• Task requirements
Could you copy out all of the records below exactly, leaving out every picture?

Collected data
┌────────

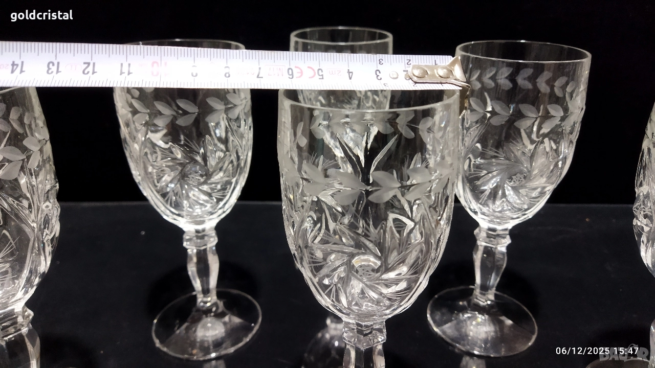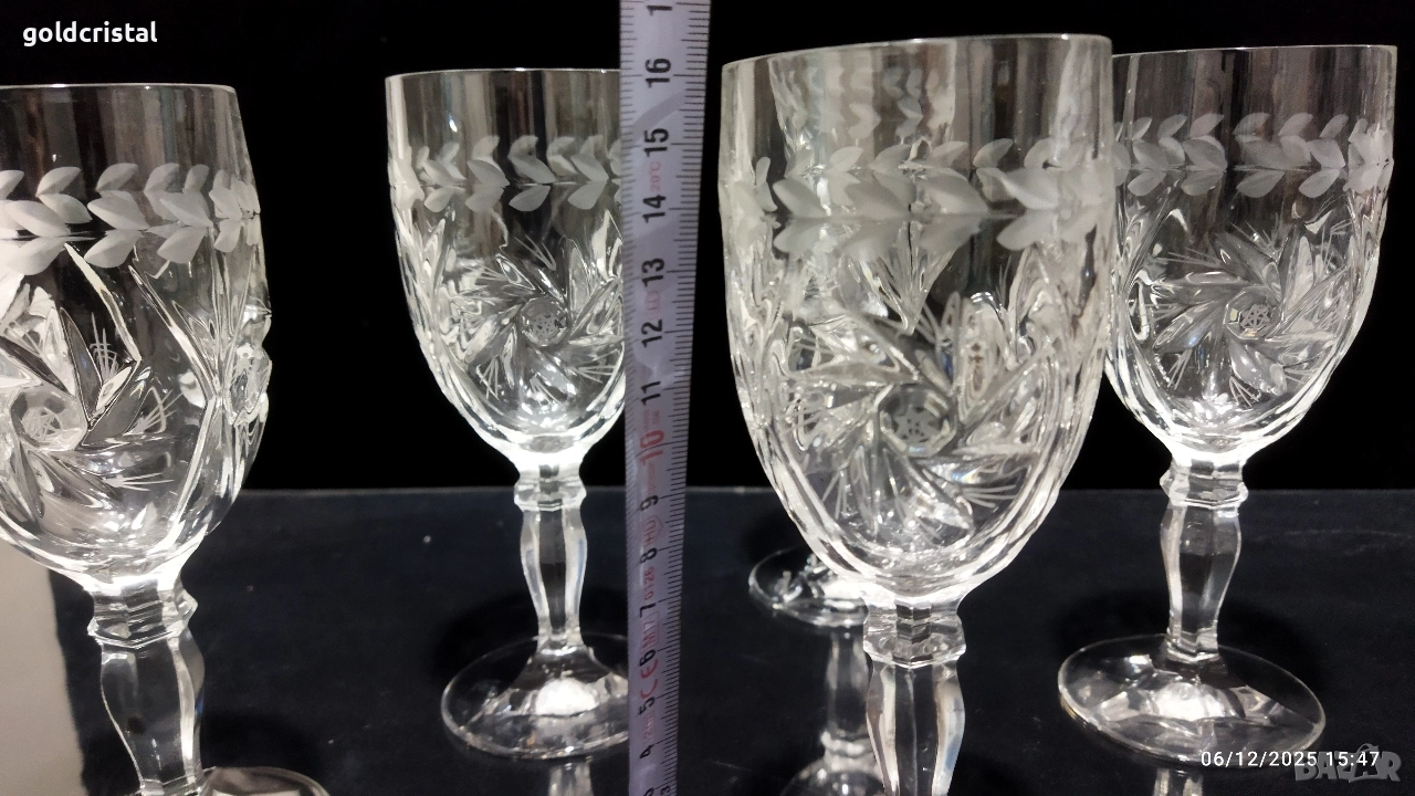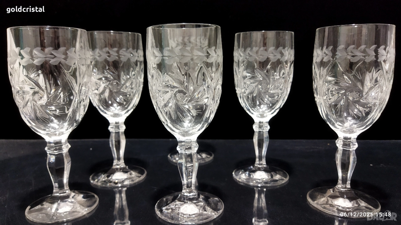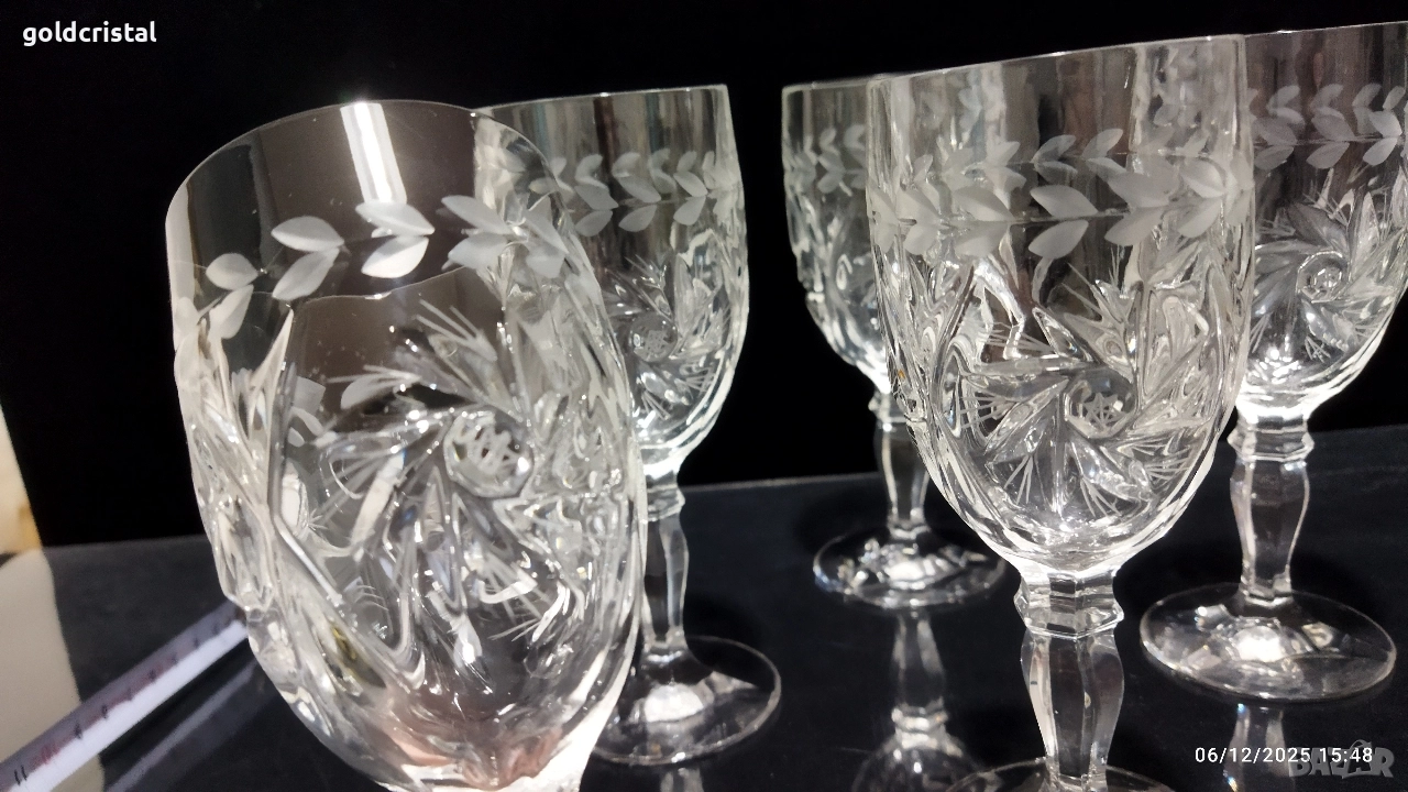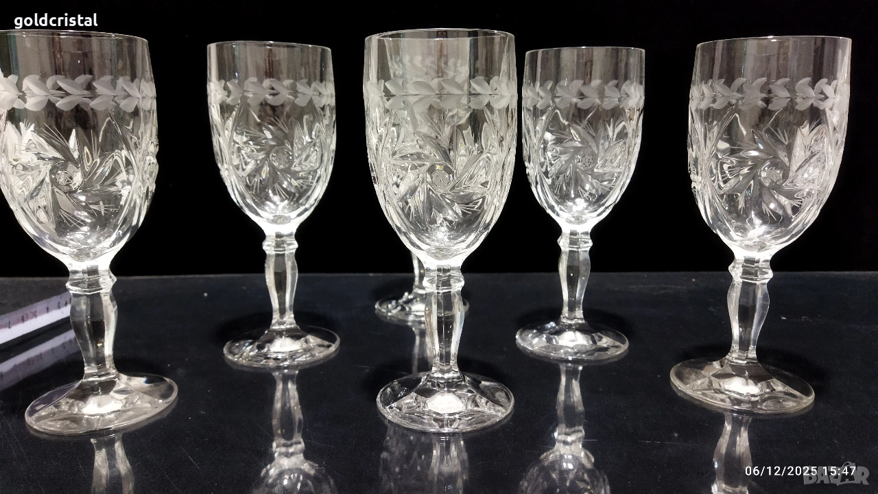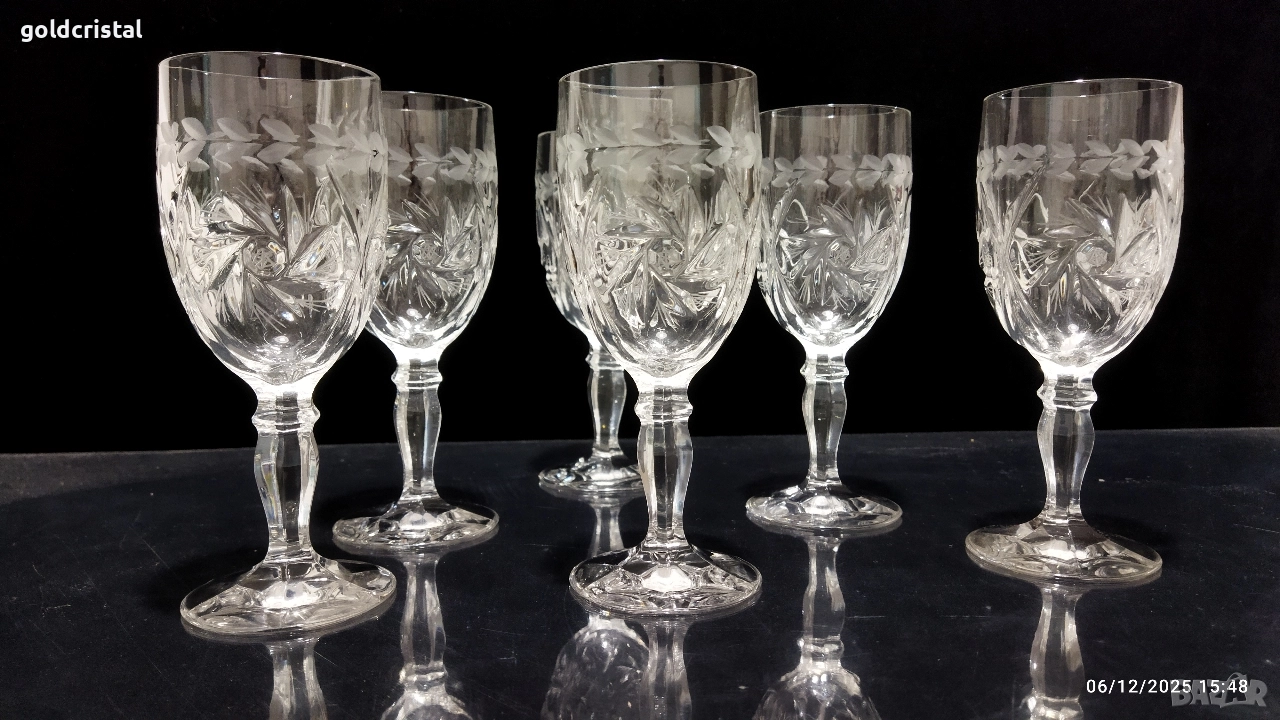 кристални чаши за вино на столче гравирани 6бр неизползвани сервиз комплект сет лот ретро арт декор винтидж колекция стари антикварни предмети обзавеждане за дома и семейството подходящи за подарък за ценители и колекционери чаши за вино кристално стъкло чаши чашки стъклени кристален вино ракия бира уиски аперитив ликьор безалкохолно сок десерти Крем сладолед мелби кремове ядки купички купи стъкло кристал стъклени кристални чинии порцелан прибори за хранене вилици лъжици лъжички вилички ножове салфетки посуда кухня хранене маса празници гости трапезария
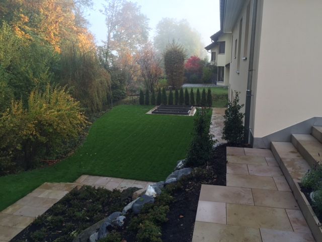 Wir erstellen eine Rohplanung, setzen den notwendigen Untergrund gemäss Rohplanie und setzen danach fort mit den Plattenbelägen, Steinborden und Mauern sowie der Planung der Grünfläche.
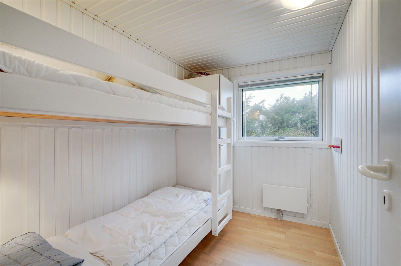 Der er i alt 3 soveværelser. Sovepladserne fordeler sig på: 2 sovepladser i dobbeltseng. 2 sovepladser i enkeltsenge. 2 sovepladser i køjeseng.
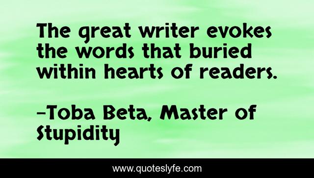 This page presents the quote "The great writer evokes the words that buried within hearts of readers.". Author of this quote is Toba Beta, Master of Stupidity. This quote is about heart, evokes, buried, words, reader, great-writer,.
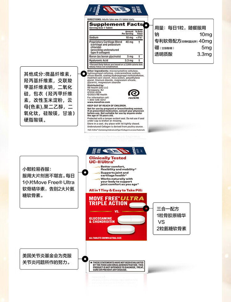 Move Free益节 UC2专利骨胶原75粒 II型胶原蛋白 氨糖搭档软骨素维骨力美国
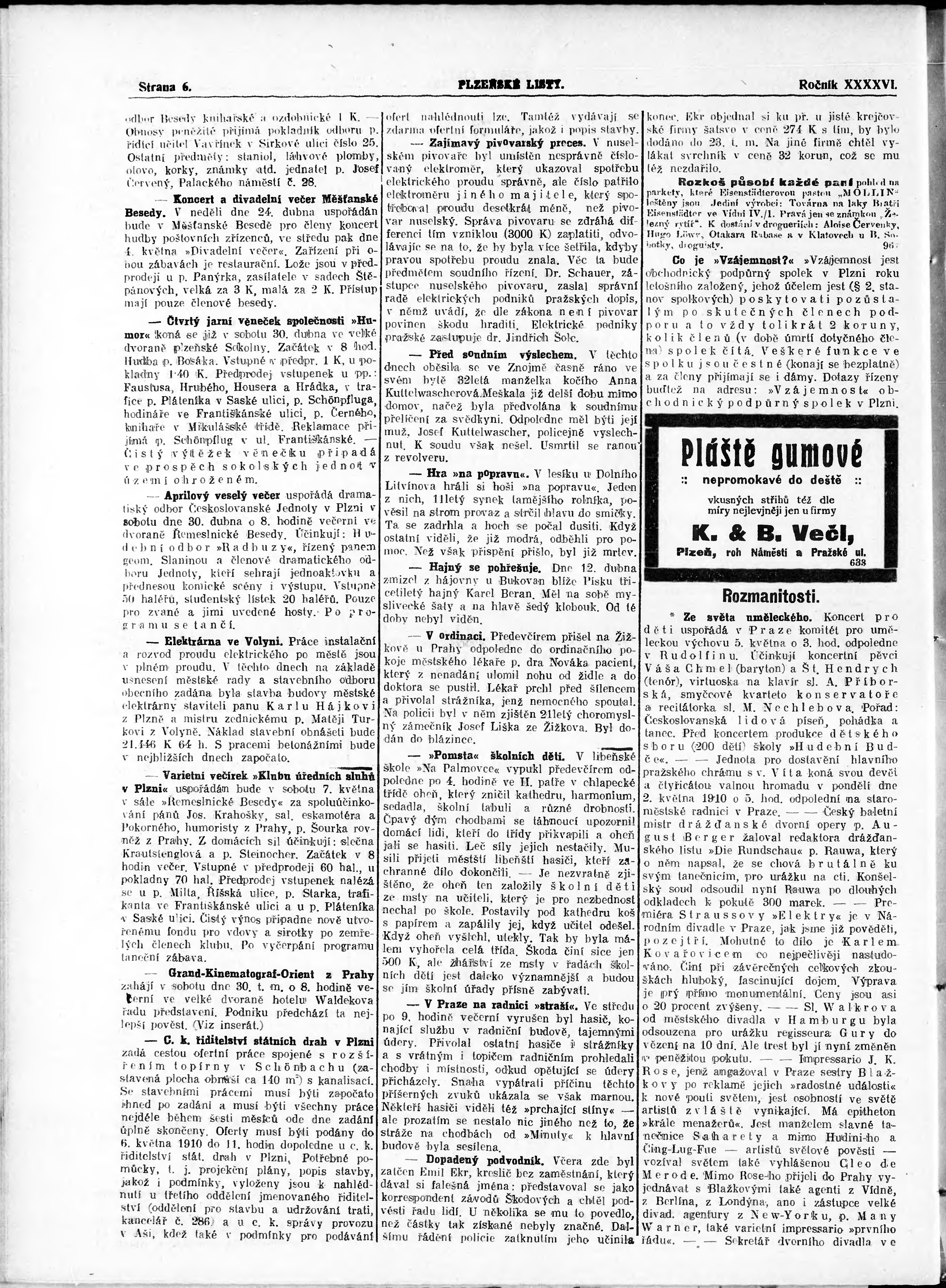 * Datum vydání výtisku: 23.4.1910 Číslo výtisku: 92 Poznámky k výtisku: nekonzistence číslování stran;
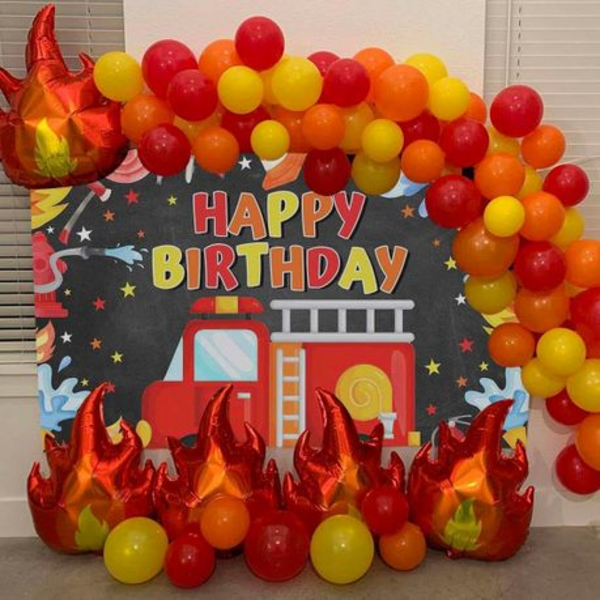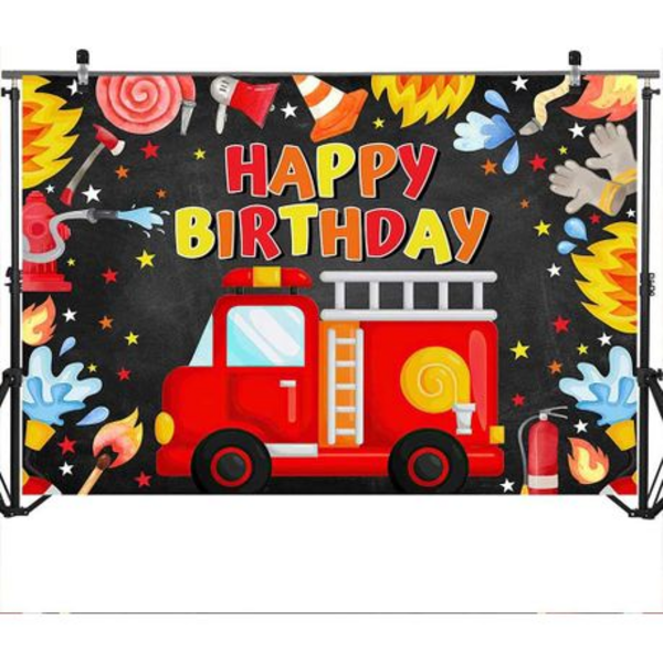 Ignite the party atmosphere with this vibrant Firefighter Themed Backdrop! Featuring bold colors, flames, and a classic red fire truck, it's the perfect scene-setter for any firefighter-themed birthday celebration.

└────────

• Solution below
 кристални чаши за вино на столче гравирани 6бр неизползвани сервиз комплект сет лот ретро арт декор винтидж колекция стари антикварни предмети обзавеждане за дома и семейството подходящи за подарък за ценители и колекционери чаши за вино кристално стъкло чаши чашки стъклени кристален вино ракия бира уиски аперитив ликьор безалкохолно сок десерти Крем сладолед мелби кремове ядки купички купи стъкло кристал стъклени кристални чинии порцелан прибори за хранене вилици лъжици лъжички вилички ножове салфетки посуда кухня хранене маса празници гости трапезария
 Wir erstellen eine Rohplanung, setzen den notwendigen Untergrund gemäss Rohplanie und setzen danach fort mit den Plattenbelägen, Steinborden und Mauern sowie der Planung der Grünfläche.
 Der er i alt 3 soveværelser. Sovepladserne fordeler sig på: 2 sovepladser i dobbeltseng. 2 sovepladser i enkeltsenge. 2 sovepladser i køjeseng.
 This page presents the quote "The great writer evokes the words that buried within hearts of readers.". Author of this quote is Toba Beta, Master of Stupidity. This quote is about heart, evokes, buried, words, reader, great-writer,.
 Move Free益节 UC2专利骨胶原75粒 II型胶原蛋白 氨糖搭档软骨素维骨力美国
 * Datum vydání výtisku: 23.4.1910 Číslo výtisku: 92 Poznámky k výtisku: nekonzistence číslování stran;
 Ignite the party atmosphere with this vibrant Firefighter Themed Backdrop! Featuring bold colors, flames, and a classic red fire truck, it's the perfect scene-setter for any firefighter-themed birthday celebration.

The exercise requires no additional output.